DTÖ, adil bir yeşil geçişe yönelik çeşitli üyelerin iştahlarını, kalkınma ihtiyaçlarını, istek düzeylerini ve beklentilerini dikkate alarak çevresel ticaret işbirliğini esnek bir şekilde teşvik edecek bir platform olarak kullanılmaya devam edebilir. Bu, mevcut CTE tartışmalarında olduğu gibi, deneyimlerin ve en iyi uygulamaların paylaşılması, çeşitli DTÖ komiteleri ve forumlarında halihazırda gerçekleştirildiği gibi gelişmiş şeffaflık ve sorun çözme yoluyla ve ayrıca kapasite geliştirme ve kolektif ticaret önlemlerinin/müzakerelerinin dikkate alınması yoluyla yapılabilir. , bazı üyeler ve üye gruplar tarafından önerilenler gibi “kazan-kazan-kazan” ticaret, kalkınma ve sürdürülebilirlik hedeflerine ulaşmayı amaçlamaktadır.

Abu Dabi'deki bakanlar toplantısında, birçok DTÖ üyesi arasında çevresel tek taraflılığın artması, mevcut ticaret kurallarının sınırlamaları ve ekolojik geçiş ve sanayileşmenin zorluklarına çözüm bulmak için açık kalan “politika alanı” konusunda artan tedirginliğin altı çizildi.

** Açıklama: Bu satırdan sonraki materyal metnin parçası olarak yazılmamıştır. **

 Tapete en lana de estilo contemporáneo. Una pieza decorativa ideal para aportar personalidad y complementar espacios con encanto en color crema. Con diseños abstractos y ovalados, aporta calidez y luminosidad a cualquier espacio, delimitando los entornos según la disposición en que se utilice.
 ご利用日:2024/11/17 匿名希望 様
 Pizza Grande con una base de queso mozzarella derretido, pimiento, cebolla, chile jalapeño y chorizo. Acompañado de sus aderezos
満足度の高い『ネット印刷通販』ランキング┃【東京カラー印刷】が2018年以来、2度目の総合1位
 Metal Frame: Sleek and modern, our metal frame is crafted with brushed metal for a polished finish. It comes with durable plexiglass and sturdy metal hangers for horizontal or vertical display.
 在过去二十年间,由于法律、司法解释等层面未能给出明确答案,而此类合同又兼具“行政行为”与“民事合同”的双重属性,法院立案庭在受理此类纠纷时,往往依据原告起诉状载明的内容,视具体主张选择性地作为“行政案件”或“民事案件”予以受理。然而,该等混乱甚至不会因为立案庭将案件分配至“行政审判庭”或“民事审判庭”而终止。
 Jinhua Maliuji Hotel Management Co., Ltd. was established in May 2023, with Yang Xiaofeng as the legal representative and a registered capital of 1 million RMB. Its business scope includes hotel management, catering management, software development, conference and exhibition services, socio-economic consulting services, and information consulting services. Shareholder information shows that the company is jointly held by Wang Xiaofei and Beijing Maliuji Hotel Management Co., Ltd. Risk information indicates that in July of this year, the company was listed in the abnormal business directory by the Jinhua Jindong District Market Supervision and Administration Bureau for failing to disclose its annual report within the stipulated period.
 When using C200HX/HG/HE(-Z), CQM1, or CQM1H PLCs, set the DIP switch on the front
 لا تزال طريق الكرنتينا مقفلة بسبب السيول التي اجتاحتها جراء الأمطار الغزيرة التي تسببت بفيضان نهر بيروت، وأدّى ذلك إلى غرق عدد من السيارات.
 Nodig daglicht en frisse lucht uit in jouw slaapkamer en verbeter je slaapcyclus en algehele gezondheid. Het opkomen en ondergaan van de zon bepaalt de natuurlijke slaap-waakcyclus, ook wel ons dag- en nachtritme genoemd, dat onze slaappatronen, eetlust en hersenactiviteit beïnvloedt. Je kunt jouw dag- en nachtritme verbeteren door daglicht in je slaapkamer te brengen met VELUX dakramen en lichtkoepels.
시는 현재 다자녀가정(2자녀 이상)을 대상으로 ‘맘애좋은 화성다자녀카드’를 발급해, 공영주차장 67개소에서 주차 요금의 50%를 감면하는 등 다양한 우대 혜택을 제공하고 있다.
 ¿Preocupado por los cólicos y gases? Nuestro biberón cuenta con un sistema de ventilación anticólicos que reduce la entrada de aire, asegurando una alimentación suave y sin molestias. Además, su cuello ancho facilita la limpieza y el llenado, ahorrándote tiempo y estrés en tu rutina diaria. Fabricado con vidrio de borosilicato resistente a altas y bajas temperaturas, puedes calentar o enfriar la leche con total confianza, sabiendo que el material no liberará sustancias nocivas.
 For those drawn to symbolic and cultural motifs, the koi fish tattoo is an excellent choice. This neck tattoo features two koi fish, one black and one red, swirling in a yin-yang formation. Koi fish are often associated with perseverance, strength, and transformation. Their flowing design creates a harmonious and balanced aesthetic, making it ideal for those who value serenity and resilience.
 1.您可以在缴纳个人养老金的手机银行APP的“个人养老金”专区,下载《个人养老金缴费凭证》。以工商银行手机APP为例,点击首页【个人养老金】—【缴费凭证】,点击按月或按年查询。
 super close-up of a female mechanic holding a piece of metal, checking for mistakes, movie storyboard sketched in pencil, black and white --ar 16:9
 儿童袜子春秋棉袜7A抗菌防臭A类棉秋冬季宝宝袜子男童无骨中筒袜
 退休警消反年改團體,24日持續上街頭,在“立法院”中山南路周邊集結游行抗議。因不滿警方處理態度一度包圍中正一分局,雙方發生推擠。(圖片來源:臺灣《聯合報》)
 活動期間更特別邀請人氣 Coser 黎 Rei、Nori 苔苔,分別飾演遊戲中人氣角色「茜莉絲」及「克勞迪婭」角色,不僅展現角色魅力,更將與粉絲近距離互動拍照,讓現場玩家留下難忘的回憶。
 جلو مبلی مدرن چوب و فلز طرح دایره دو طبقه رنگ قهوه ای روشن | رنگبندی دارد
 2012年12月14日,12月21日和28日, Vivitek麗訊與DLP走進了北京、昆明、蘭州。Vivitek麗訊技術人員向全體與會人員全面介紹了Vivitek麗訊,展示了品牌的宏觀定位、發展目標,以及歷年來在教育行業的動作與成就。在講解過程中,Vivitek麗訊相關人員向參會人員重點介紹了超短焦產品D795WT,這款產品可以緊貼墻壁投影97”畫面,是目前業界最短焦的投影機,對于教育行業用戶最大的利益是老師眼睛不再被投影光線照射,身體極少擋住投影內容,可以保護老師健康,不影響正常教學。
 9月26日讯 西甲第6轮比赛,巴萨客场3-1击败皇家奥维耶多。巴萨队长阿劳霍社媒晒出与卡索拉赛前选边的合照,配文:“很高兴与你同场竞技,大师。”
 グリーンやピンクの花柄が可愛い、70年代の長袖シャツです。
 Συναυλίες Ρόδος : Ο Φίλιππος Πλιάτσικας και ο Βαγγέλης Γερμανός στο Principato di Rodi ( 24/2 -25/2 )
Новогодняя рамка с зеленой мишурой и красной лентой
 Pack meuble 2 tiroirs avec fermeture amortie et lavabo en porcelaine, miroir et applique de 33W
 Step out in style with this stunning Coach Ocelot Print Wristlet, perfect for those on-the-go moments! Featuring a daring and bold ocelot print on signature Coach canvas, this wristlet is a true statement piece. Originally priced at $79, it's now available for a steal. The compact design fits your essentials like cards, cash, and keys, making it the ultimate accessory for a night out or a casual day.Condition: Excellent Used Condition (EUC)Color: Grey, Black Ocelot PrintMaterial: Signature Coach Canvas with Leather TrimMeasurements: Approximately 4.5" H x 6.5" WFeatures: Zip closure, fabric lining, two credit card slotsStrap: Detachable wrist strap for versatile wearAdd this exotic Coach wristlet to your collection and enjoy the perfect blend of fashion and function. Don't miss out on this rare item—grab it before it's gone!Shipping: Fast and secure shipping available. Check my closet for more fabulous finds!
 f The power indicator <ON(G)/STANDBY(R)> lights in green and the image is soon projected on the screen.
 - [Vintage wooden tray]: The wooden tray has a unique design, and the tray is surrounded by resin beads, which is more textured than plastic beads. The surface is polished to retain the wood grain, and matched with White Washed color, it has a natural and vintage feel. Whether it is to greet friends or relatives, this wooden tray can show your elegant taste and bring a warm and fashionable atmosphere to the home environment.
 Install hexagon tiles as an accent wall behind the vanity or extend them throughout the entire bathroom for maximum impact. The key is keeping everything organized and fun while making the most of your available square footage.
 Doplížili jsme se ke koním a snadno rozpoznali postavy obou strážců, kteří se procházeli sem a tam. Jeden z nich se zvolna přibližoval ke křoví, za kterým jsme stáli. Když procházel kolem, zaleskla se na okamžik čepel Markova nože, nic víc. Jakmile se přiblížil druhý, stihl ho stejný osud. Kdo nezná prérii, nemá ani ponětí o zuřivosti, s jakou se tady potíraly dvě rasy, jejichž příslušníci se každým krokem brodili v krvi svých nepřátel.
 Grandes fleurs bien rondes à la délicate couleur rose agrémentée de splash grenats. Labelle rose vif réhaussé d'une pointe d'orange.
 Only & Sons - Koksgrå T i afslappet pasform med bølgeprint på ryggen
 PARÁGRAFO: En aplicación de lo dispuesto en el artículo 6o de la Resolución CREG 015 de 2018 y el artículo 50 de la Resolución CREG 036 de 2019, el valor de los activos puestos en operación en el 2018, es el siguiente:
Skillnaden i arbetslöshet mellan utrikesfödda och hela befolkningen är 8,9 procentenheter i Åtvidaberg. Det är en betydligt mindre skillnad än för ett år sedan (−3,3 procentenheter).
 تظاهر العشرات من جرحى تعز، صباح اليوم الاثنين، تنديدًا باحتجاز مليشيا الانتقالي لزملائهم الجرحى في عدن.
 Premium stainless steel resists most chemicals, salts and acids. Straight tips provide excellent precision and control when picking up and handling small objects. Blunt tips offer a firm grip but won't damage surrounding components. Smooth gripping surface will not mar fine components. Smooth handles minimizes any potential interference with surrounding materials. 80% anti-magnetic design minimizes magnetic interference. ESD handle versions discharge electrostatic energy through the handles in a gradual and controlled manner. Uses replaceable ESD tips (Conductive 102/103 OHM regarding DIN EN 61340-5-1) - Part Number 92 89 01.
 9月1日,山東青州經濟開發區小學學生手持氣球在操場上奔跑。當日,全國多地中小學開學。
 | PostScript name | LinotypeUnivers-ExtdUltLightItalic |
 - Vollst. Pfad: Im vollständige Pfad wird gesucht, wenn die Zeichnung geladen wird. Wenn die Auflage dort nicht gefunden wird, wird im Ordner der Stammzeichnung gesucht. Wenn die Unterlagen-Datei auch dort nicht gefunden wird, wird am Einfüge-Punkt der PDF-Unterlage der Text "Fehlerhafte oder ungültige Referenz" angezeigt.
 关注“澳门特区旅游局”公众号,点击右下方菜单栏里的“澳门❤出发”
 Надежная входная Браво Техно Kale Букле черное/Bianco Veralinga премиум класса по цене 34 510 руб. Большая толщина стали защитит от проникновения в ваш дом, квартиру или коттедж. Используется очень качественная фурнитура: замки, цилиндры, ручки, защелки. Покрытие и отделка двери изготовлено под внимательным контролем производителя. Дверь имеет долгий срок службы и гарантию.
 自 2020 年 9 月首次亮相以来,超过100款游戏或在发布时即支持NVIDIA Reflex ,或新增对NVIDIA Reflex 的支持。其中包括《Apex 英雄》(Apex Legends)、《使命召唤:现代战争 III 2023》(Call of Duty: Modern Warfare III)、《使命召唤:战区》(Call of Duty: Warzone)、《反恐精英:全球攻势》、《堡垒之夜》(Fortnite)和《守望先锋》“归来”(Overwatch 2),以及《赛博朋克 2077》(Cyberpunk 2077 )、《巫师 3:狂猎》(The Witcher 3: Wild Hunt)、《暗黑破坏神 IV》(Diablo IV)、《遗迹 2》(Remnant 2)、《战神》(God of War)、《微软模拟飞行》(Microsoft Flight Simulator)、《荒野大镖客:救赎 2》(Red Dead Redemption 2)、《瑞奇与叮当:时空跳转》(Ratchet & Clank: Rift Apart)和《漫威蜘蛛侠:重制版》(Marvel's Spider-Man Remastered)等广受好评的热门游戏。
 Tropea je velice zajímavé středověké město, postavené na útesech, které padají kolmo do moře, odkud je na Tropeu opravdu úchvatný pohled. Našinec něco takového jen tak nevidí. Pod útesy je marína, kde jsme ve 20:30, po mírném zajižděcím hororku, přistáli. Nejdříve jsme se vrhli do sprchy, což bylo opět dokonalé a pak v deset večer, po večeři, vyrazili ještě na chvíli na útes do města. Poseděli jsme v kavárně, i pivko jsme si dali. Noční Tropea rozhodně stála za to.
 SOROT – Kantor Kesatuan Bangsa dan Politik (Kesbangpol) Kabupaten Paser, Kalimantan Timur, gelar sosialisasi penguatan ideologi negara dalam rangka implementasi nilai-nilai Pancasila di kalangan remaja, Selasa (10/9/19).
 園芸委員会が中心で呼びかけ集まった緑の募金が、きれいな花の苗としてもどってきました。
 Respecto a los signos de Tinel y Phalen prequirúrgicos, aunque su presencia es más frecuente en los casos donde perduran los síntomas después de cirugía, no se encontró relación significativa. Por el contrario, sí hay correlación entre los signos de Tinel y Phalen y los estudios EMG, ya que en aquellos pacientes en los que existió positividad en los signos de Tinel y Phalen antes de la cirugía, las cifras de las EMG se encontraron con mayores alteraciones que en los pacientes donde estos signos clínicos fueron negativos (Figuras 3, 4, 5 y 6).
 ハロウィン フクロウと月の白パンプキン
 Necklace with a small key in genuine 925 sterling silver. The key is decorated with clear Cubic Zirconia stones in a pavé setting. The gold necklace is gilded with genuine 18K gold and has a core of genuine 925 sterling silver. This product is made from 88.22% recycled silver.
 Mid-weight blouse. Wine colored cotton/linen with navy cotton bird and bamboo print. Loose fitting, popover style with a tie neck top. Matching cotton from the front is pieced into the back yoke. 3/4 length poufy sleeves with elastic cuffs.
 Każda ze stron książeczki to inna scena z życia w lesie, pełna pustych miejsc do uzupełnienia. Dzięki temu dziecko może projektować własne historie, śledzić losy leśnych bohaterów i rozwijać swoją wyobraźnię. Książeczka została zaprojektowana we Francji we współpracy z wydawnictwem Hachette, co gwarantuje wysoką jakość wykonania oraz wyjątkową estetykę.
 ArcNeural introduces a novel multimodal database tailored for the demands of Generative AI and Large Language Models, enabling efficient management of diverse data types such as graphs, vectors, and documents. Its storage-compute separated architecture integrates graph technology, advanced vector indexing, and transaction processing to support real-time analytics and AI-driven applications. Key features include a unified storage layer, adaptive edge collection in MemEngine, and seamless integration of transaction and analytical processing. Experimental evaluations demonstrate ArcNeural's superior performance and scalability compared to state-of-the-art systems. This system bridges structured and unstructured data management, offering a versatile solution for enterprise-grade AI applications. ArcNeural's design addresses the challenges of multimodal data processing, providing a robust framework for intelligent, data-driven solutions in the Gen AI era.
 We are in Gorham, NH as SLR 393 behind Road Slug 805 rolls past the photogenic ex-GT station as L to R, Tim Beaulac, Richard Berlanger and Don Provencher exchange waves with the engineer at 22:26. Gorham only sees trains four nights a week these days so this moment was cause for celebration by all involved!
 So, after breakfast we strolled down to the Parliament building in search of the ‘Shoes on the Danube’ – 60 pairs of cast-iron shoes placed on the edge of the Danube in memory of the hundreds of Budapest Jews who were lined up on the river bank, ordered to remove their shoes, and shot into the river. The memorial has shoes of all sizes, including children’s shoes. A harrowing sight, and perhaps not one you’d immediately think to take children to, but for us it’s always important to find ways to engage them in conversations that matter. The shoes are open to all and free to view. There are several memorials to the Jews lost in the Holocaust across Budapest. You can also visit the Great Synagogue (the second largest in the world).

DTÖ'nün kuruluşundan otuz yıl sonra üyelerinin kararı basit bir soruya dayanıyor: Yeşil endüstriyel geçişin ve küresel kamu mallarının korunmasının getirdiği zorlukları daha iyi ele almak için daha fazla DTÖ, yani daha fazla ticari çok taraflılık mı istiyorlar?

Notlar:

  1. Ünlü “karides/kaplumbağa”, “ton balığı/yunus” ve “yeniden formüle edilmiş benzin” vakaları gibi.

    
  2. “Ticaret ve Çevre: Çevresel Çeşitlilik Serbest Ticaret Durumunu Etkiliyor mu?” Jagdish Bhagwati, Columbia Üniversitesi ve TN Srinivasan, Yale Üniversitesi, Ocak 1995, Tartışma Makalesi Serisi No. 718.